3.3.4 Missing data
28-Feb-2022 1 min
Missing values are present in virtually all databases. Like extreme values, the presence of missing values can lead to spurious analyses.
Hence you should be able to spot and highlight where there are missing values. If you are using Excel to analyze your data, here ( available in French) is how you can spot them.
There are actually different type of missing values that you should be aware (Source: the ACAPS 2016 resource Data Cleaning):
- A blank cell can actually mean zero, ‘none’, ‘no’, or ‘not applicable’.
- A variable may be missed and unanswered during the survey unintentionally.
- When a variable has been purposely not answered. This often happens when the question is confusing, not appropriate, or perceived of as sensitive by the enumerator or respondent. This can happen based on contextual factors (if proper testing and tool design occurs, this should not happen). However, this issue can also be a finding that is interesting to mention it in the analysis report as a potential bias, particularly for justification to adjust the tool to more appropriate questions (or question responses) if the questionnaire is to be repeated.

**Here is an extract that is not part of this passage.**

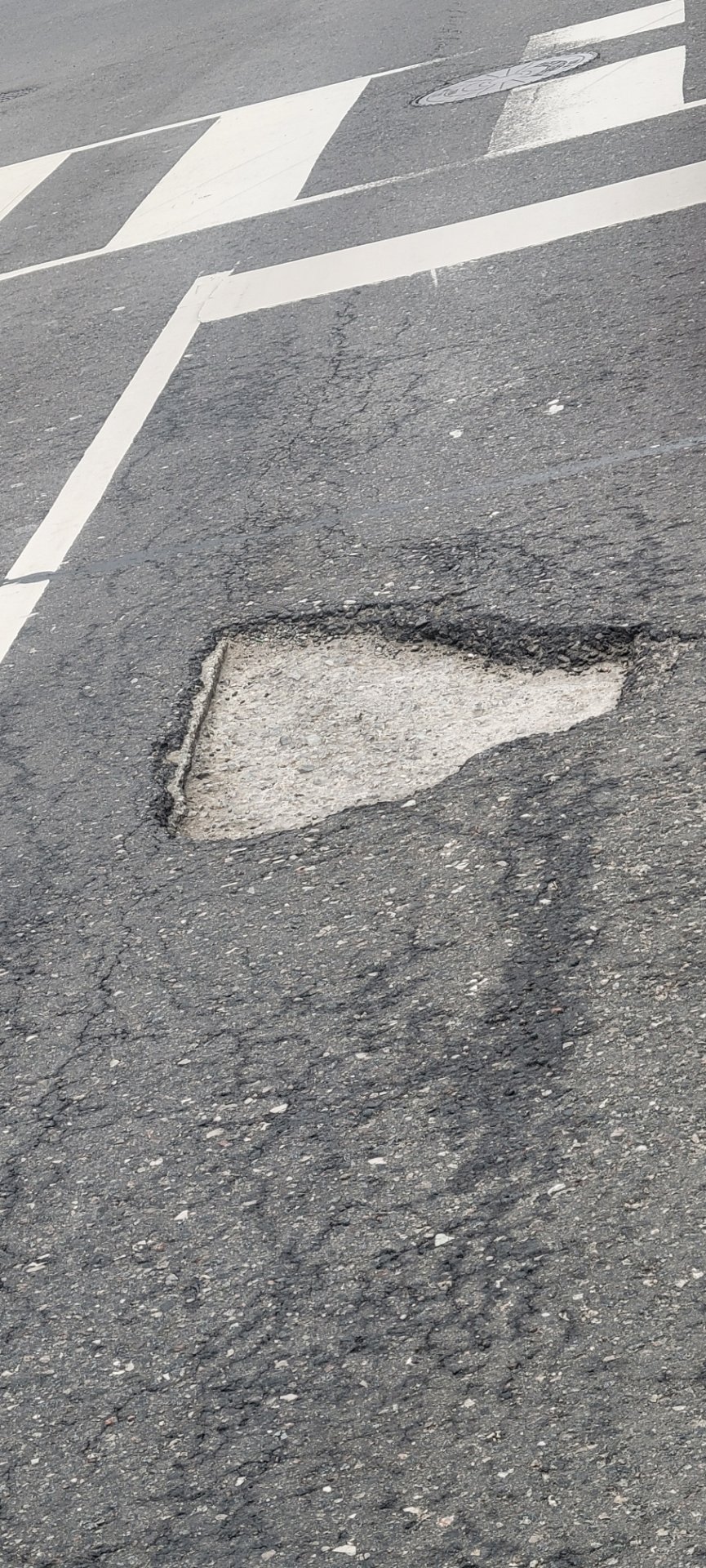 A sunken pothole repair approximately 18-24 inches long is visible at the pedestrian crosswalk on Eglinton Avenue West, where lighter-colored patching material has settled below the surrounding road level. The depressed surface creates a tripping hazard for pedestrians crossing at the marked crosswalk and a hazard for vehicle tires. Nearby aging catch basins (average installed 2004) and utility infrastructure suggest possible subsurface settlement or prior utility work contributed to the damage.

What to do with missing values?
- Replace blank cells that makes sense by zero, “no”, “not applicable”
- Be careful with replacing blank cells with zero, as it will definitely have an impact on the findings.
- Exclude the subjects / data points that have missing values on any of the variables under analysis.
- Which means that sample size will change from one variable to another.
- Delete all cases with missing values, hence keeping a dataset with only complete data.
- This could lead to the sample size being insufficient, and analysis bias if the profiles of subjects with missing values are similar (ex. all female).